The union, then, has not directly transformed working-class Las Vegas outside its own industry. But in its effect on the city as a whole, says Jan Jones, who was mayor from 1991 through 1999 and now handles public affairs for the Harrah's chain, "It's made a remarkable difference." Local 226 "ensured that the employees were earning a living wage, and could buy cars and homes."
In Jones' first year as mayor, Vegas had 15 million visitors annually; when she stepped down eight years later, it had 36 million. Housing construction boomed, and the electorate felt economically secure enough to approve bond measures for parks, libraries and schools - enabling the city to build a new school every month. Voters also passed a sales-tax increase to double the city's water capacity. "This is what management and labor working together can produce - a vibrant economy," says Jones.
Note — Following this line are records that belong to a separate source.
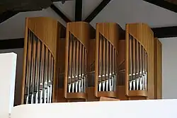 Die erste Orgel erhielt die Kirche zeitgleich mit den Glocken. Es handelte sich um ein Instrument, das von der alten katholischen Kirche in Dietikon stammte, die damals samt Orgel abgetragen wurde und dem Neubau der heutigen Kirche St. Agatha weichen musste. Die Orgelfirma Gebrüder Späth, Rapperswil, besorgte in Dietikon den Abbau der alten Orgel und überholte diese, bevor sie in die Kirche von Hinwil eingebaut wurde.[17] Nach dem Umbau der Kirche wurde die alte Orgel im neuen Kirchenraum erneut aufgestellt, aber sie erwies sich als altersschwach und sollte zunächst durch eine elektronische Orgel ersetzt werden. Dagegen bildete sich eine Opposition, sodass der Neubau einer Pfeifenorgel beschlossen wurde.[8] Die heutige, zweimanualige Orgel wurde von der Firma Orgelbau Kuhn AG in Männedorf gebaut und am 16. Juni 1985 eingeweiht.[7] Das Instrument verfügt über Schleifladen, mechanische Spiel- und Registertrakturen und 15 Register.[18]
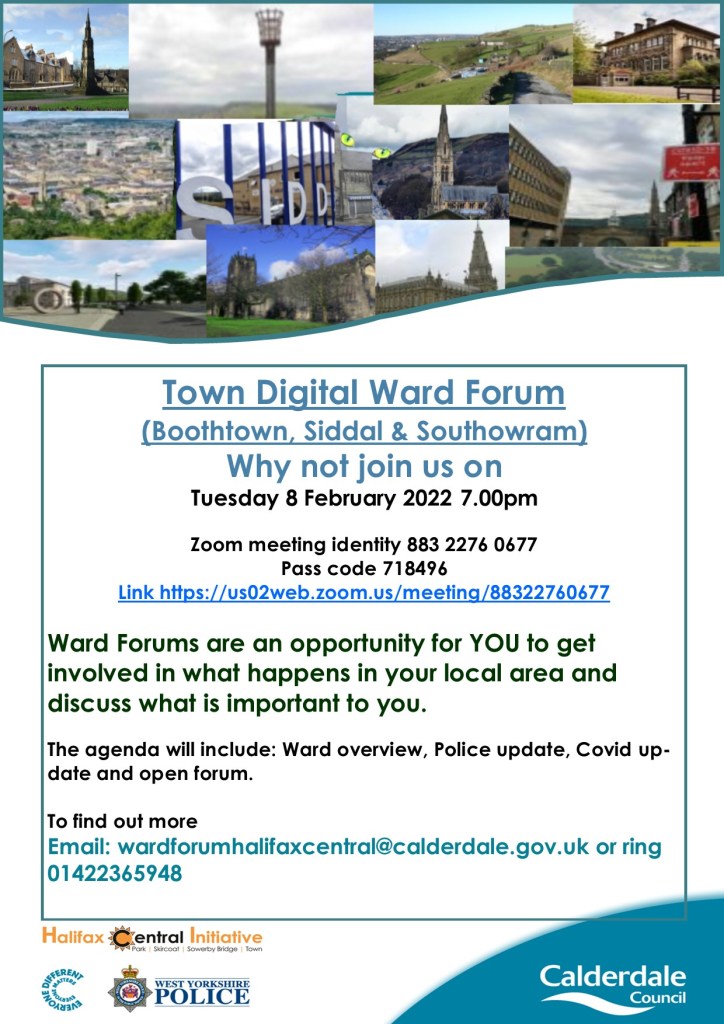 Ward forums are for people in Calderdale to get involved in what happens in their local area and discuss what is important to you. By working together we can talk about local issues and plan for the future.
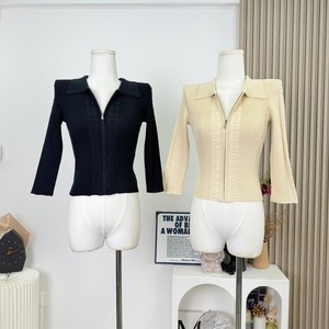 老钱频道米杏色拉链坑条开衫修身翻领短款针织上衣
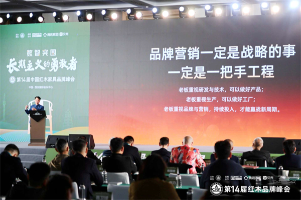 今天很開心與大家相聚在西安,共同見證第十四屆中國紅木品牌峰會的召開,今年峰會的主題是“數(shù)字突圍,長期主義的勇敢者”,為了這個主題,我也是思考良多。現(xiàn)在也正值年終,借此機會總結(jié)一下2023年我們紅木行業(yè)的發(fā)展成果。今天齊聚一堂,與三位部長以及四位會長和一眾專家、企業(yè)精英一起交流、探索我們紅木行業(yè)新一年的突圍之路。

On my last night in Las Vegas, I get to see the city whole. Sylvester Garcia and union representative Mike Cifaldi drive me to a hilltop at the edge of town and point out which parts of the city were barren desert 10 years ago, or five, or just last spring. "This town has done good for me," says Garcia, as we look out over the lights of casino capitalism and social democracy, of Pottersville and Bedford Falls, shimmering brilliantly in the Vegas night.
Harold Meyerson is executive editor of The American Prospect and a columnist for The Washington Post.